This specification describes compositions 81 to degrade the kerogen encountered in subterranean zones, such as at the openings of cracks in hydraulic fractures. The compositions can include hydraulic fracturing fluids (for example, the fracture fluid 58) and flowed through the subterranean zone (for example, a reservoir). While the kerogen is degraded (or subsequent to the degradation of kerogen), a quantity of energy to generate and propagate fractures in the subterranean zone (for example, a reservoir) can decrease, thereby increasing an efficiency (for example, cost, time, and long-term effect) of the fracturing process. In addition, fracture length and formation surface exposure after wellbore shut-in can be greater than corresponding parameters in reservoirs in which the kerogen has not been degraded. In addition, at least partially removing the kerogen and other organic matter from the near fracture zone can decrease the propensity for the fractures to close (re-heal) after the pressure is released from pumping the fracturing, thereby improving the overall productivity of the well.

The compositions described in this disclosure can be used as a kerogen control material to break down, dissolve, or remove all or parts of the kerogen in or near the areas to be hydraulically fractured. Using the compositions described in this disclosure, the kerogen or other organic matter (or both) can be broken down. To do so, aqueous fluids which contain oxidizers can be pumped into the subterranean zone. For example, the compositions can include strong oxidizers including sodium bromate.

The byproducts of the reaction between the kerogen and the composition can dissipate as gases or can dissolve in an aqueous media of a fluid, such as a fracture fluid. The byproducts can then be removed from the formation during flowback of the fracturing fluid.

FIG. 2 is a flowchart of an example of a process 200 for degrading kerogen in a subterranean zone. At 201, a kerogen- and organic matter-degrading composition (for example, a composition including an oxidizer, such as sodium bromate) is mixed with a fluid. The fluid can be a hydraulic fracture fluid or a pad fluid that is flowed into the reservoir before the hydraulic fracture fluid (or both). At 205, the fluid (with the kerogen- and organic matter-degrading composition) is flowed into the reservoir as part of a hydraulic fracture treatment. As described previously, the kerogen and organic matter degrade upon reacting with the composition. At 203, an additive, such as friction reducer, can be added to the mixture of the composition and the fluid before pumping the fluid into the reservoir at 205. Other potential additives include any material that is compatible with the kerogen- and organic matter-degrading composition, for example, a tetrasubstituted ammonium salt that does not get oxidized by the sodium bromate in the subterranean zone.

The fluid (also referred as kerogen control fluid) can be delivered to a subterranean zone as a multi-pad fluid system, which can be delivered with hydraulic fracturing fluid sequences. The kerogen control fluid is configured to chemically react with the organic matter (such as kerogen) in the subterranean zone in order to break down and degrade the tensile nature of the organic matter, thereby degrading the viscoelastic properties of the hydraulic fracture faces and openings. A well can be shut in after delivery of the kerogen control fluid. The rate of reaction (that is, degradation) depends on the concentration of active ingredients (that is, kerogen control material, such as sodium bromate) and temperature. Greater concentrations of active ingredients and increased temperatures can increase the rate of degradation of the organic material, such as kerogen.
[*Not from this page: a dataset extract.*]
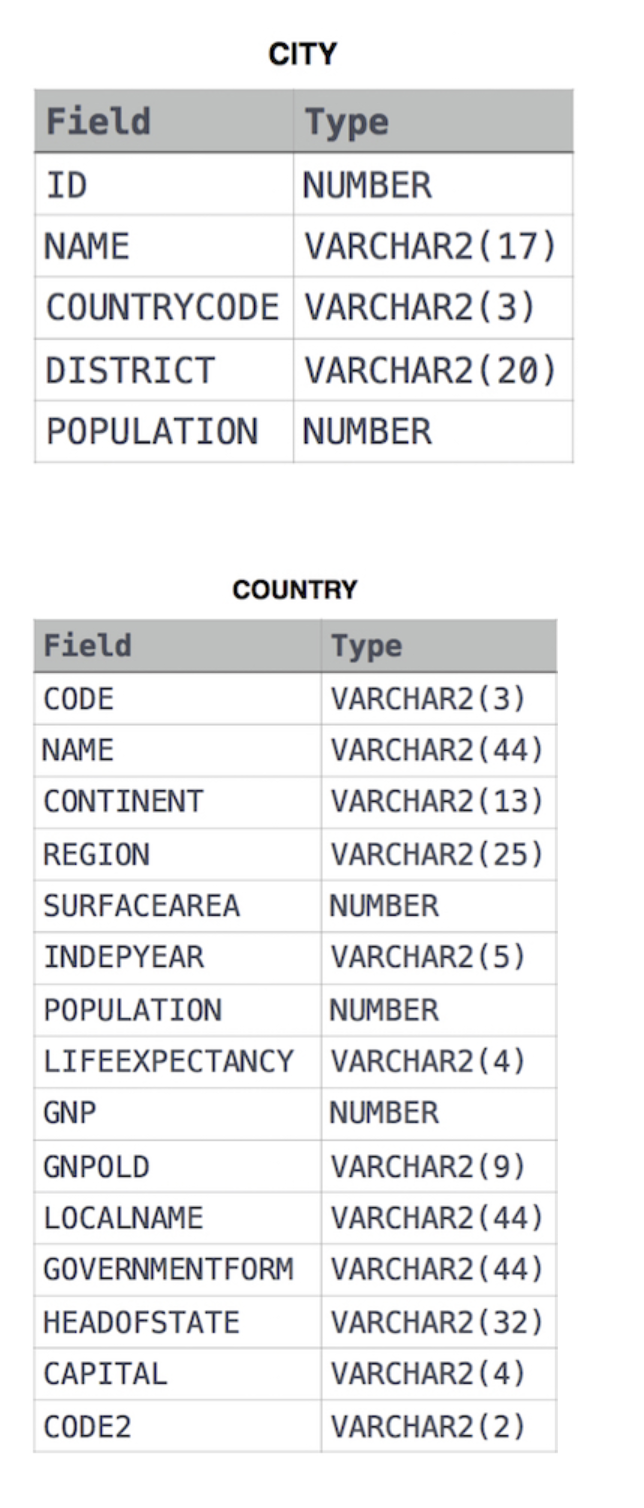 Note: CITY.CountryCode and COUNTRY.Code are matching key columns.

Further provided in this disclosure is a method of treating kerogen in a subterranean zone. The method can include placing in the subterranean zone a composition that includes an oxidizer. In some embodiments, the oxidizer can be a sodium bromate. Before introducing the composition to the subterranean zone, the oxidizer can have a concentration of about 0.00005 molar (M) to about 4.00 M. For example, the bromate can have a concentration of about 0.00005, 0.0005, 0.005, 0.05 M, 0.10 M, 0.20 M, 0.30 M, 0.40 M, 0.50 M, 0.75 M, 1.0 M, 1.25 M, 1.50 M, 2.0 M, 3.0 M, or about 4.0 M. In some implementations, the subterranean zone includes carbonate rock (for example, rock formations that include carbonate minerals).

The necessary concentration of the oxidizer in the composition can be determined based on the amount of fluid downhole at the time of placing the composition into the subterranean zone, as well as the amount and type of kerogen in the subterranean zone. Other factors that are relevant for determining the concentration of oxidizer required include the amount of pyrite or other iron sulfides in the subterranean zone as well as the amount of friction reducer, viscosifier or other organic component in the treatment fluid. Further, estimating the rock surface area within the fracture network with which the treatment fluid will make contact in the formation can be considered.
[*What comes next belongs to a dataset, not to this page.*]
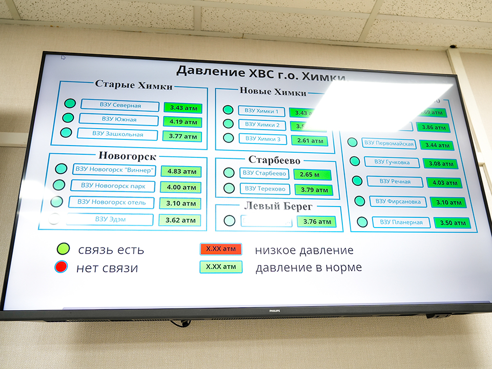 «Химкинский водоканал» обслуживает 20 водозаборных узлов, 21 водопроводную насосную станцию, 59 канализационных станций, а также более 450 км сетей водоснабжения и более 300 км водоотведения. В рамках трансформации диспетчерскую оснастили современной техникой и установили датчики на всех 20 ВЗУ округа.

For example, the concentration of the oxidizer can be determined by performing at least one of the following: (i) performing laboratory tests on kerogen embedded in rock surfaces (for example, etching); (ii) estimating the expected size of the fracture network and the resulting surface area of the fractured zones; (iii) determine the weight percent of the total organic carbon (TOC) in the formation (for example, by using a TOC analyzer, pyrolysis unit, well log, or combinations of these); (iv) determining the weight percent of iron sulfide in the formation (for example by testing using either x-ray fluorescence, x-ray diffraction, energy dispersive x-ray spectroscopy, well log, or combinations of these); (v) determining the weight percent of friction reducer, viscosifier, and other organic materials in the treatment fluid; and (vi) determining the oxidizer concentration by accounting for the amount needed to degrade the kerogen while also accounting for the iron sulfide present and any organic materials present in the treatment fluid.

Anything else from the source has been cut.